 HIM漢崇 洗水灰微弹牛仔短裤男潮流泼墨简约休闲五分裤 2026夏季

...

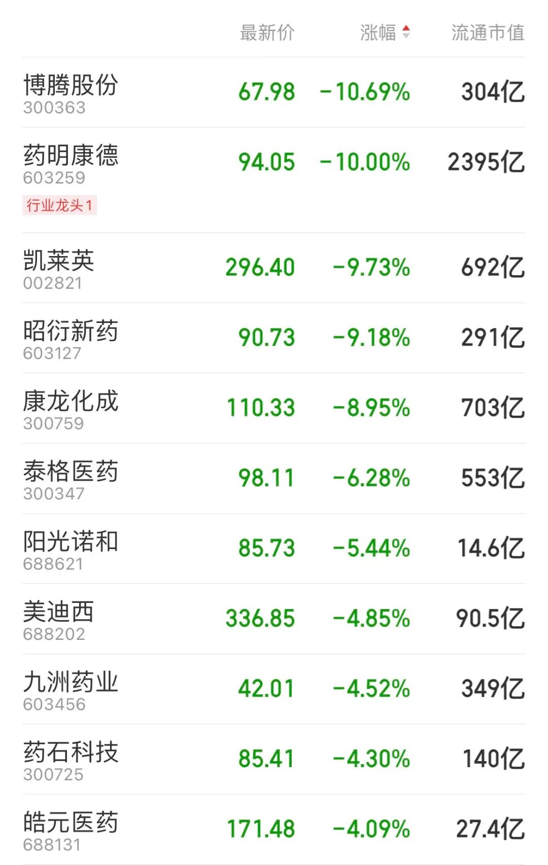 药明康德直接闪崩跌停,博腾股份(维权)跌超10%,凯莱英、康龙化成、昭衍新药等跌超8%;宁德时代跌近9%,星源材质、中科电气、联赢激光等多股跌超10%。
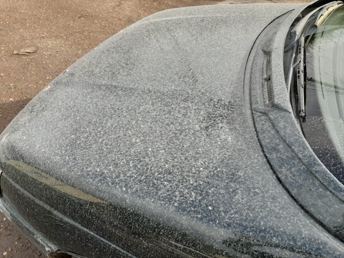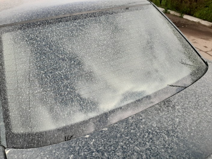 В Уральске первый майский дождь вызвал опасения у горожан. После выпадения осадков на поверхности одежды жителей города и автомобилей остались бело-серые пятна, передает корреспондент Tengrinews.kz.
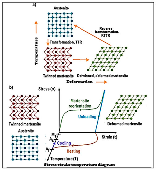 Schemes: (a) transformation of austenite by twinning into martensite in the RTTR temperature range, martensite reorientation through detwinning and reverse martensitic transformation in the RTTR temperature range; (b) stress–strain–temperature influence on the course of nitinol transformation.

--

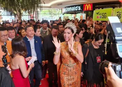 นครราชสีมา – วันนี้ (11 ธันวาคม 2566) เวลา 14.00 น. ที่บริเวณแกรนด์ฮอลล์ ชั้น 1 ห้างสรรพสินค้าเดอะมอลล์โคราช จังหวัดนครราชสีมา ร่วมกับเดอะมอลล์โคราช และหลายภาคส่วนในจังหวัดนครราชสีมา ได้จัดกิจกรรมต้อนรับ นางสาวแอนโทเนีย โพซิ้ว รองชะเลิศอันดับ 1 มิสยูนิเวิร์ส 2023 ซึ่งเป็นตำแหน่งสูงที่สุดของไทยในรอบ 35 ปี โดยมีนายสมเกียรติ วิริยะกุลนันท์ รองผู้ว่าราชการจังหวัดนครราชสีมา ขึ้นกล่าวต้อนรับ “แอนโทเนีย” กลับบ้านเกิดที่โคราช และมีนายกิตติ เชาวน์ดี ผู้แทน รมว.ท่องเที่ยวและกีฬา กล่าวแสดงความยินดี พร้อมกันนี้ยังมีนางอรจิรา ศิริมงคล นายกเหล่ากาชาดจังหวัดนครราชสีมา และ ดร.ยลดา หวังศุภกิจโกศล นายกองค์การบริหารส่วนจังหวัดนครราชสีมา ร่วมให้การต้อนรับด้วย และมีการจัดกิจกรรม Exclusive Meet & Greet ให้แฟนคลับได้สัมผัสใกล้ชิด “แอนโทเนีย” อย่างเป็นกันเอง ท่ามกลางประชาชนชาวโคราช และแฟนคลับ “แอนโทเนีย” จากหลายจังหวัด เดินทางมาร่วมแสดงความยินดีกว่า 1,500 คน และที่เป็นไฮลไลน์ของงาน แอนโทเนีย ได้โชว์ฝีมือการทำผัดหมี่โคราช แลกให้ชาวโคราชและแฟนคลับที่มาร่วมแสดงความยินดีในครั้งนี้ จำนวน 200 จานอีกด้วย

**What this task involves**
Out of the records above, set down only the lines from the one that contains "В Уральске первый" through the one that contains "Schemes: (a) transformation", unchanged and without the pictures.

**Worked solution**
 В Уральске первый майский дождь вызвал опасения у горожан. После выпадения осадков на поверхности одежды жителей города и автомобилей остались бело-серые пятна, передает корреспондент Tengrinews.kz.
 Schemes: (a) transformation of austenite by twinning into martensite in the RTTR temperature range, martensite reorientation through detwinning and reverse martensitic transformation in the RTTR temperature range; (b) stress–strain–temperature influence on the course of nitinol transformation.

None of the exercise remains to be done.